The final area to be discussed under the overall heading of peace operations that is expected to be covered is peace enforcement and counter-terrorism and cooperation with regional organisations in this context. Among the issues likely to be raised in this discussion is to what extent UN peace operations should engage or support the parallel operations of regional organisations, particularly if they are carrying out parallel peace enforcement or counter-terrorism operations.

The current support provided by the UN Multidimensional Integrated Stabilization Mission in Mali to the joint force of the G5 Sahel deployed in Malian territory is the latest example of this trend. A related question is how the Council can ensure that regional actors receiving UN assistance are held accountable for mandate implementation and how the Council can mitigate risks in supporting these operations.

In this context, a long-standing issue that may be covered is the lack of predictable and sustainable funding for regional peace operations. Connected to this are questions around whether Council authorisation or endorsement of regional action should be accompanied by financial support and what degree of oversight, both operationally and strategically, should the Council maintain for regional missions that receive UN financial support.

In the session on Syria, the Secretary-General is expected to focus on how the Council can come together, in spite of its clear differences on this issue. This will be a rare opportunity for the Secretary-General to provide Council members with a frank assessment of how he sees the way forward on possibly the most divisive issue the Council has faced since the end of the Cold War. The Secretary-General has indicated that he is willing to support efforts to establish a new mechanism to attribute responsibility for the use of chemical weapons in Syria. A Swedish draft resolution that asks the Secretary-General to submit a proposal on a new mechanism, as well as to dispatch a high-level disarmament mission to Syria to address “all outstanding issues on the use of chemical weapons once and for all on its territory”, is still on the table. A wide-ranging discussion of possible options to break the current impasse in the Council could cover the possibility of the Secretary-General, on his own, appointing a team of investigators to identify those responsible for the use of chemical weapons in Syria. While there is little likelihood that this discussion would change firmly entrenched positions on Syria, the informal setting may allow the discussion to go beyond the recent charged public rhetoric.

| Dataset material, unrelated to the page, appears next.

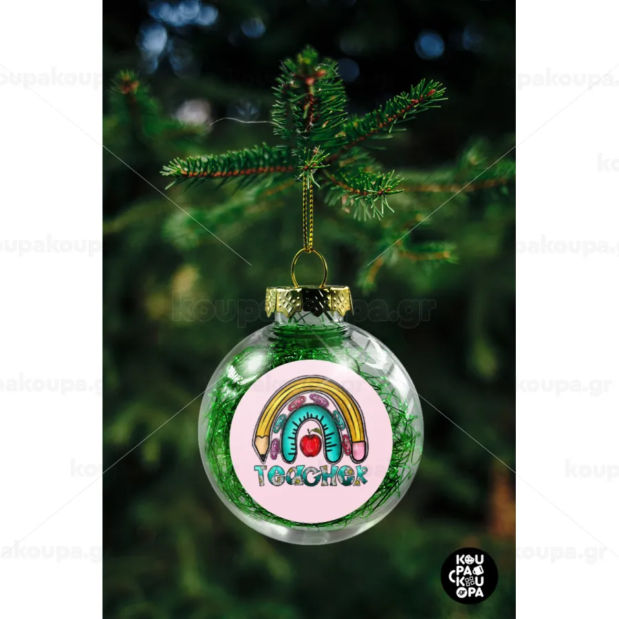 Teacher, Transparent Christmas tree ball ornament with green filling 8cm

While many of the topics that are expected to be covered over the two days are not new, the distance from New York and the closed, informal nature of the retreat may allow ambassadors to put aside prepared statements and engage in a more open and frank discussion. By holding the retreat at the private estate of Hammarskjöld, the hosts Peru and Sweden hope that members will be inspired to find a way to move forward on some of the more intractable issues in the Council.